The First Grader
Inspiring true stories and important give sometimes great films. It could have been the case with “The First Grader”, which has beautiful pictures and very good actors. The story ends up being yet too demonstrative and moralistic, thereby scuttling of its charm.
Jane Obinchu (Naomi Harris) is a teacher who lives in Kenya. She used to educate children and adolescents, but certainly not a man of 84 years! At the insistence of Kimani Ng’ang’a Maruge (Oliver Musila Litondo), she finally agreed to take in its class.
“The First Grader” is not a feature film. It is rather a symbol: the Maruge. An old man recalls that it is never too late to go to school, that education is the primary means to lift the human poverty.
The message here is hammered again and again with a heavy mass destructive serve scenes are convincing emotions stiff. Even if the director Justin Chadwick (who it must be terribly ordinary “The Other Bolyen Girl”) increases the slow on young children at the notes of music winded and seconded, the viewer remains in the background, conscious that we try to handle with large strings that are not even subtle.
This is especially sad because all the elements came together to do something major, or at least interesting. The raw material is rich, the landscape (everything was actually filmed in Kenya) give a taste of traveling and the actors are generally excellent. Oliver Musila Litondo is a beautiful discovery in the difficult and complex lead role, while Naomi Harris finally found a character to its position away from the stereotypes of “Pirates of the Caribbean”.

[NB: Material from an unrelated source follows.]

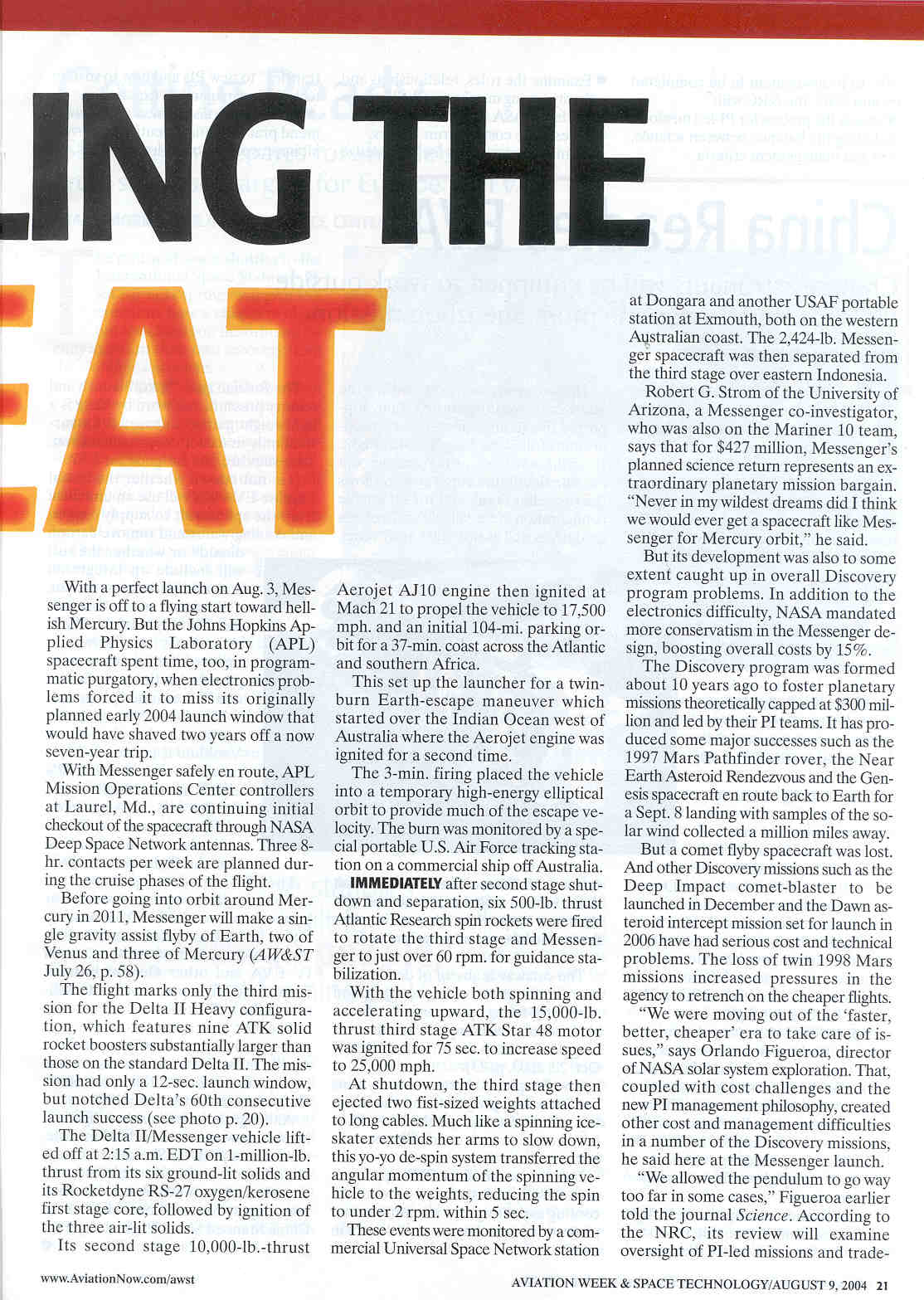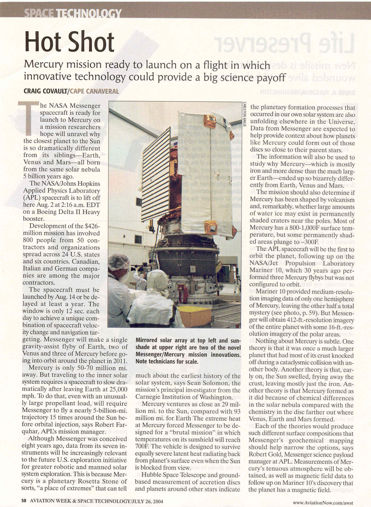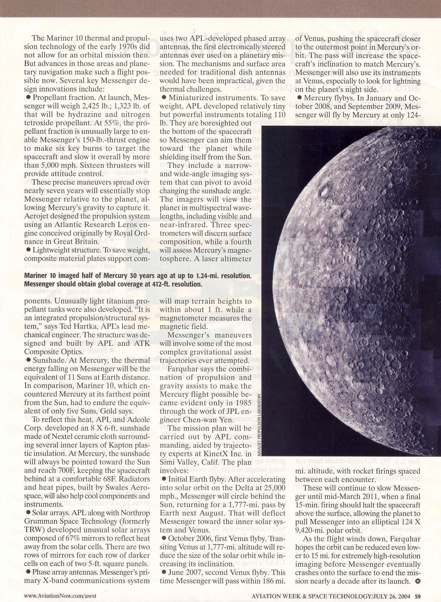 MESSENGER Mercury Laser Altimeter in Aerospace America's "2003: The Year in Review"

By trying to be “deep” and finally connecting the links between yesterday and today to face the many tomorrows that are not always obvious, preaches effort, ironically, by superficiality. The filmmaker returns multiplied in the past to give a depth to his hero, a cause that includes, but never really explain the real issues. Thus the fight between the British troops and the rebels Mau Mau become incidental while they had to be at the center of all, summarizing itself to the mean white one that murder and torment whoever is located on their passage.
Then it is rather difficult to fully adhere to “The First Grader”. Maybe in the form of the documentary, it would have been different. But by the filter of fiction, the result only half convinced, which is unfortunate for subjects as paramount.